* To do *
Below are some entries. Reproduce them word for word.

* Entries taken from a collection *
* * *
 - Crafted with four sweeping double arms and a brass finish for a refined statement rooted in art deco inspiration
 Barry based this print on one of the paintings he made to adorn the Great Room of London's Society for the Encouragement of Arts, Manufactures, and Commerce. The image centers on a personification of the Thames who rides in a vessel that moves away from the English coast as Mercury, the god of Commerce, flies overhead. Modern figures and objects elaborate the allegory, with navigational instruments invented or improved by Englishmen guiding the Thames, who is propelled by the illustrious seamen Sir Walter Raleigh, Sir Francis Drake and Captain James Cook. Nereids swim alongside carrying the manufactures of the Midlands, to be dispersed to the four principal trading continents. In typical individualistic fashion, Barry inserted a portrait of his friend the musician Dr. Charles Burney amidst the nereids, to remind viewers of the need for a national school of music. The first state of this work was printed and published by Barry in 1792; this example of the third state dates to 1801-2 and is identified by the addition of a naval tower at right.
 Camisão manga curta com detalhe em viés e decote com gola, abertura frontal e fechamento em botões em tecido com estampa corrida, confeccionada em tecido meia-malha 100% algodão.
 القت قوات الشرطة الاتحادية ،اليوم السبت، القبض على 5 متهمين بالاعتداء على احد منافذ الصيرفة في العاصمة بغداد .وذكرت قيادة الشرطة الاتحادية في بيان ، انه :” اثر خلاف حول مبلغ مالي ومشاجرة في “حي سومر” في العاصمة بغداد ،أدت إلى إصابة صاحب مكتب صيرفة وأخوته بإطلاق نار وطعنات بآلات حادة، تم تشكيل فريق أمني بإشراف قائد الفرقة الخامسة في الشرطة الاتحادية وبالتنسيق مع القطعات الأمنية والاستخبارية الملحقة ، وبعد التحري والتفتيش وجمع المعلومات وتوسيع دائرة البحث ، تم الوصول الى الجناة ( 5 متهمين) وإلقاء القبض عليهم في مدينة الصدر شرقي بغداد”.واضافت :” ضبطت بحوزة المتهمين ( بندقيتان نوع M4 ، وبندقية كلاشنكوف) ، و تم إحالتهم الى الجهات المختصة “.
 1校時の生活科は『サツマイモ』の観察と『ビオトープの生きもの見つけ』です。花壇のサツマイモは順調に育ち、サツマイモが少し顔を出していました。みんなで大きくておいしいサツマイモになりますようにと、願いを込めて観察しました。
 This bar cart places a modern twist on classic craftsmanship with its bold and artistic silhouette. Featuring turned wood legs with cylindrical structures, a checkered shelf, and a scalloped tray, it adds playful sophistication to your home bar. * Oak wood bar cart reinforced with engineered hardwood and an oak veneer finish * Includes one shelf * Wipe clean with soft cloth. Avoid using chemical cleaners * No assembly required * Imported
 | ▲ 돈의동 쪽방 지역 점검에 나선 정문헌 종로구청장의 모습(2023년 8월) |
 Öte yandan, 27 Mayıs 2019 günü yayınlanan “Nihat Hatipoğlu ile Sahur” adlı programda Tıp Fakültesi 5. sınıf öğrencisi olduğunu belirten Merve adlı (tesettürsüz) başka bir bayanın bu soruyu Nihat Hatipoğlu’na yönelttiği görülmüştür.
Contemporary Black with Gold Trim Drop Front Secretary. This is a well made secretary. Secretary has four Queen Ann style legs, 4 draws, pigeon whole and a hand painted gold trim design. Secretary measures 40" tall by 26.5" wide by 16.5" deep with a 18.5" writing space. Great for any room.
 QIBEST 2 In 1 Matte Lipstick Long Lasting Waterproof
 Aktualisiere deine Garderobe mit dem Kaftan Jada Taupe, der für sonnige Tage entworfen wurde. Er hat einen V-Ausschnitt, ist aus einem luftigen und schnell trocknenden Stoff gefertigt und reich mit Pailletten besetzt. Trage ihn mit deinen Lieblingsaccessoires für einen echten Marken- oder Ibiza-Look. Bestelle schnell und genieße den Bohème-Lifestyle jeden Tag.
* * *
* Written response *
 - Crafted with four sweeping double arms and a brass finish for a refined statement rooted in art deco inspiration
 Barry based this print on one of the paintings he made to adorn the Great Room of London's Society for the Encouragement of Arts, Manufactures, and Commerce. The image centers on a personification of the Thames who rides in a vessel that moves away from the English coast as Mercury, the god of Commerce, flies overhead. Modern figures and objects elaborate the allegory, with navigational instruments invented or improved by Englishmen guiding the Thames, who is propelled by the illustrious seamen Sir Walter Raleigh, Sir Francis Drake and Captain James Cook. Nereids swim alongside carrying the manufactures of the Midlands, to be dispersed to the four principal trading continents. In typical individualistic fashion, Barry inserted a portrait of his friend the musician Dr. Charles Burney amidst the nereids, to remind viewers of the need for a national school of music. The first state of this work was printed and published by Barry in 1792; this example of the third state dates to 1801-2 and is identified by the addition of a naval tower at right.
 Camisão manga curta com detalhe em viés e decote com gola, abertura frontal e fechamento em botões em tecido com estampa corrida, confeccionada em tecido meia-malha 100% algodão.
 القت قوات الشرطة الاتحادية ،اليوم السبت، القبض على 5 متهمين بالاعتداء على احد منافذ الصيرفة في العاصمة بغداد .وذكرت قيادة الشرطة الاتحادية في بيان ، انه :” اثر خلاف حول مبلغ مالي ومشاجرة في “حي سومر” في العاصمة بغداد ،أدت إلى إصابة صاحب مكتب صيرفة وأخوته بإطلاق نار وطعنات بآلات حادة، تم تشكيل فريق أمني بإشراف قائد الفرقة الخامسة في الشرطة الاتحادية وبالتنسيق مع القطعات الأمنية والاستخبارية الملحقة ، وبعد التحري والتفتيش وجمع المعلومات وتوسيع دائرة البحث ، تم الوصول الى الجناة ( 5 متهمين) وإلقاء القبض عليهم في مدينة الصدر شرقي بغداد”.واضافت :” ضبطت بحوزة المتهمين ( بندقيتان نوع M4 ، وبندقية كلاشنكوف) ، و تم إحالتهم الى الجهات المختصة “.
 1校時の生活科は『サツマイモ』の観察と『ビオトープの生きもの見つけ』です。花壇のサツマイモは順調に育ち、サツマイモが少し顔を出していました。みんなで大きくておいしいサツマイモになりますようにと、願いを込めて観察しました。
 This bar cart places a modern twist on classic craftsmanship with its bold and artistic silhouette. Featuring turned wood legs with cylindrical structures, a checkered shelf, and a scalloped tray, it adds playful sophistication to your home bar. * Oak wood bar cart reinforced with engineered hardwood and an oak veneer finish * Includes one shelf * Wipe clean with soft cloth. Avoid using chemical cleaners * No assembly required * Imported
 | ▲ 돈의동 쪽방 지역 점검에 나선 정문헌 종로구청장의 모습(2023년 8월) |
 Öte yandan, 27 Mayıs 2019 günü yayınlanan “Nihat Hatipoğlu ile Sahur” adlı programda Tıp Fakültesi 5. sınıf öğrencisi olduğunu belirten Merve adlı (tesettürsüz) başka bir bayanın bu soruyu Nihat Hatipoğlu’na yönelttiği görülmüştür.
Contemporary Black with Gold Trim Drop Front Secretary. This is a well made secretary. Secretary has four Queen Ann style legs, 4 draws, pigeon whole and a hand painted gold trim design. Secretary measures 40" tall by 26.5" wide by 16.5" deep with a 18.5" writing space. Great for any room.
 QIBEST 2 In 1 Matte Lipstick Long Lasting Waterproof
 Aktualisiere deine Garderobe mit dem Kaftan Jada Taupe, der für sonnige Tage entworfen wurde. Er hat einen V-Ausschnitt, ist aus einem luftigen und schnell trocknenden Stoff gefertigt und reich mit Pailletten besetzt. Trage ihn mit deinen Lieblingsaccessoires für einen echten Marken- oder Ibiza-Look. Bestelle schnell und genieße den Bohème-Lifestyle jeden Tag.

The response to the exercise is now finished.